The Bendit21 Microcatheter is a steerable microcatheter with a steerable distal tip. The tip's deflection is controlled using the Steering Slider on the proximal Steering Handle. The tip can be rotated bi-directionally while deflected by turning the Torque Knob on the Steering Handle. The total working length of the Bendit21 Microcatheter is 157 cm. It is comprised of two Nitinol hypo tubes that are welded together at their distal ends, with proprietary laser -cut patterns along the 36 cm distal section. The laser cuts give the Bendit21 Microcatheter its flexibility while maintaining the Nitinol torsional rigidity for a high torque response. The distal 12 mm section is steerable using the proximal Steering Handle. The device includes two radiopaque markers, one at the tip and a radiopaque band located 30 mm from the tip. The distal portion of the catheter shaft (75 cm) is covered with a hydrophilic coating. Sliding the Steering Slider forward moves the hypo tubes so that the distal tip deflects. When the Steering Slider is released, the tip shape is locked. The Bendit21 lumen can accommodate compatible guidewires (≤ 0.018 ''). A standard Luer lock port for attachment of accessories is located at the proximal end of the Steering Handle. The Bendit21 Microcatheter is compatible with the following types of therapeutic devices: Embolization particles with maximum particle size of 500 µm, Coils with maximum coil wire size of 0.018", Stents/Stent Retrievers/Flow Diverters.

This document is an FDA 510(k) summary for the Bendit21 Microcatheter, demonstrating its substantial equivalence to a predicate device. It is not an AI/ML device, therefore, the information requested about AI/ML specific criteria (such as training data, ground truth establishment methods for training data, expert adjudication, MRMC studies, and standalone performance) cannot be provided from this document.

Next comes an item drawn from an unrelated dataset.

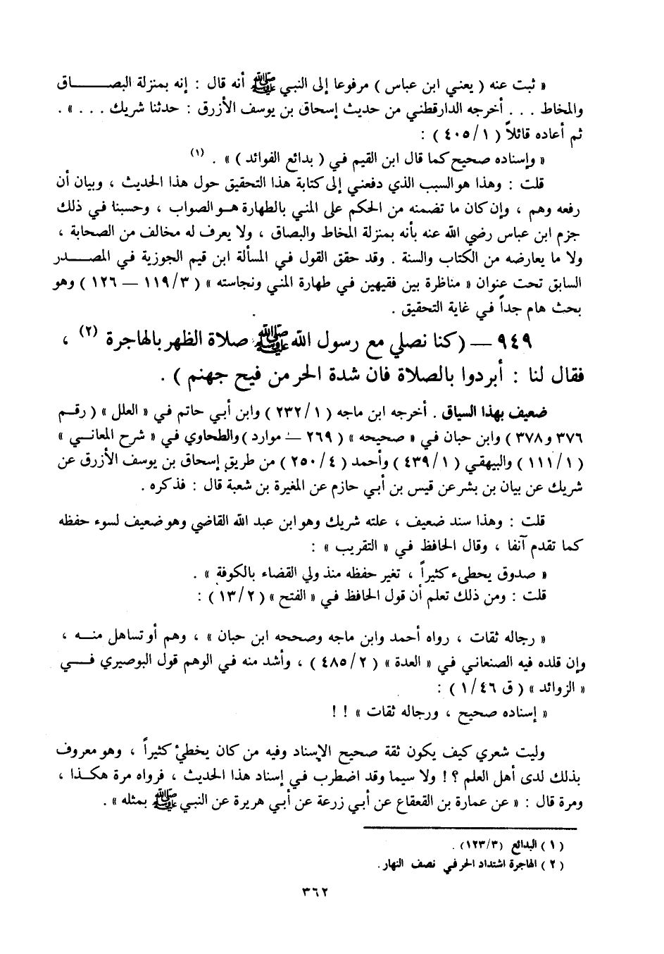 قلت: وهذا هو السبب الذي دفعني إلى كتابة هذا التحقيق حول هذا الحديث، وبيان أن رفعه وهم وإن كان ما تضمنه من الحكم على المني بالطهارة هو الصواب، وحسبنا في ذلك جزم ابن عباس رضي الله عنه بأنه بمنزلة المخاط والبصاق، ولا يعرف له مخالف من الصحابة، ولا ما يعارضه من الكتاب والسنة، وقد حقق القول في المسألة ابن قيم الجوزية في المصدر السابق تحت عنوان " مناظرة بين فقيهين في طهارة المني ونجاسته " (3 / 119 - 126) وهو بحث هام جدا في غاية التحقيق.
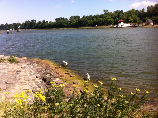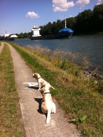 Leider sind die Temperaturen hier immer noch so hoch, das die Spaziergänge aus Rücksicht auf beide doch eher kurz ausfallen müssen. Ein Highlight jedoch immer die Fahrt zum Nord-Ostsee-Kanal. Auch diese Woche waren wir dort und Simeon ist zum ersten Mal mit der Fähre - nicht im Auto, sondern zu Fuß - gefahren. Auf dem Wirtschaftsweg entlang des Kanals können die beiden ohne Leine laufen, denn auf der einen Seite ist der Kanal und auf der andern Seite meistens eine steile Böschung. Außerdem sollten beiden mal im Kanal baden, denn das Wasser ist sehr sauber. Sie sind jedoch nicht über ein Fußbad hinaus gekommen.

However, based on the provided text, here's a breakdown of the acceptance criteria and the studies conducted for the Bendit21 Microcatheter:

The acceptance criteria for the Bendit21 Microcatheter are demonstrated through various in vitro bench tests and animal testing, confirming its safety, performance, and substantial equivalence to the predicate device. The general acceptance criterion for all tests is that the device must Pass, meaning its performance met pre-defined acceptance criteria, or it was comparable to the predicate device.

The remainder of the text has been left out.